Without knowing more about your setup and your exact problem, I suggest that you look if your router has Port forwarding enabled for the required caldav-port and verify that you access your internal network via the correct IP-address, that is assigned by your Internet-provider.

Maybe the Port forwarding or the DynDNS sections of my post can help you identify why you can not access it from the outside.

I have not tested the DAVx app, because I use the built-in card-/caldav functionality of /e/.


#7

I shall check the portforwarding bit, thank you for that. I did not know that eelo has built in caldav? Is that built in the calendar? Because I could not find it anywhere.


#8

You can access CalDAV/CardDAV data of any Nextcloud Server in the settings:
Settings -> Accounts -> Add Account -> WebDAV -> “Login with URL and user name”.
I have tested this functionality only with Nextcloud servers, but not with Synology NAS, so I can not tell, if that will work.


#9

Ah yes I found it. If it works I’m gonna drop the davx app. Thanx for the help.


#10

Best thing ever Done… Best of luck :black_flag:


#11

BTW is a raspberry pi a good computer to use as a server? if so could someone give me an amazon link for a good model?
Thanks so much :+1:


#12

If the server is just for you yes, if you want ten people connected at the same time maybe not.
Here is the last Raspberry Pi, I bought three of them.
You just have to search for others things you need in order to create your little server.


#13

:joy::ok_hand:Thank you @Anonyme!!


#14

In addition to what Anonyme said, that model has only 1GB of RAM.
Keep in mind that each service (Nextcloud, Mailserver, …), that you want to run on your server, needs RAM and hosting too many services will result in noticeable slowdown or instabilities.

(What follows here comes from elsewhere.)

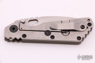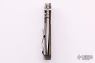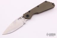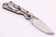 This SMF from Strider Knives features a stonewashed blade and textured green G10 and stonewashed titanium handle and matching tip up titanium clip. Notches on thumbrest, rear of handle, and lockup. Includes Hinderer "Lock Bar Stabilizer" for maximum reverse lock retention. Has a few light scratches, otherwise excellent condition.
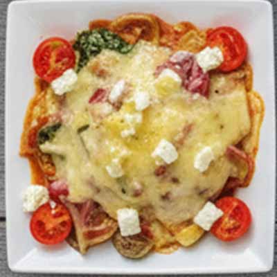 mit Sahnesauce, Spinat, Gorgonzola, Knoblauch überbacken

But for getting started with a small system it looks like a viable choice.


#15

Yes in order to run multiple services (and make it a little scalable), a cluster can be done with Docker and a few raspberry pi. (My knowledges stop here)


#16

Ok thank you! is there a Pi with more RAM?


#17

Wikipedia has a comparison-page (including Device-specifications) of single-board computers: https://en.wikipedia.org/wiki/Comparison_of_single-board_computers
You should be able to find an answer to your question there.
Otherwise have a look at the Raspberry-Pi website.


#18

So @Markus, what operating system did you go with in the end?


#19

I went with https://www.debian.org/ but this is a matter of choice. Use one you feel confident with and which satisfies your requirements about security aspects.


#20

Ok. So it doesn’t matter what version as long as it’s debian-based? that is, you could still install the server software?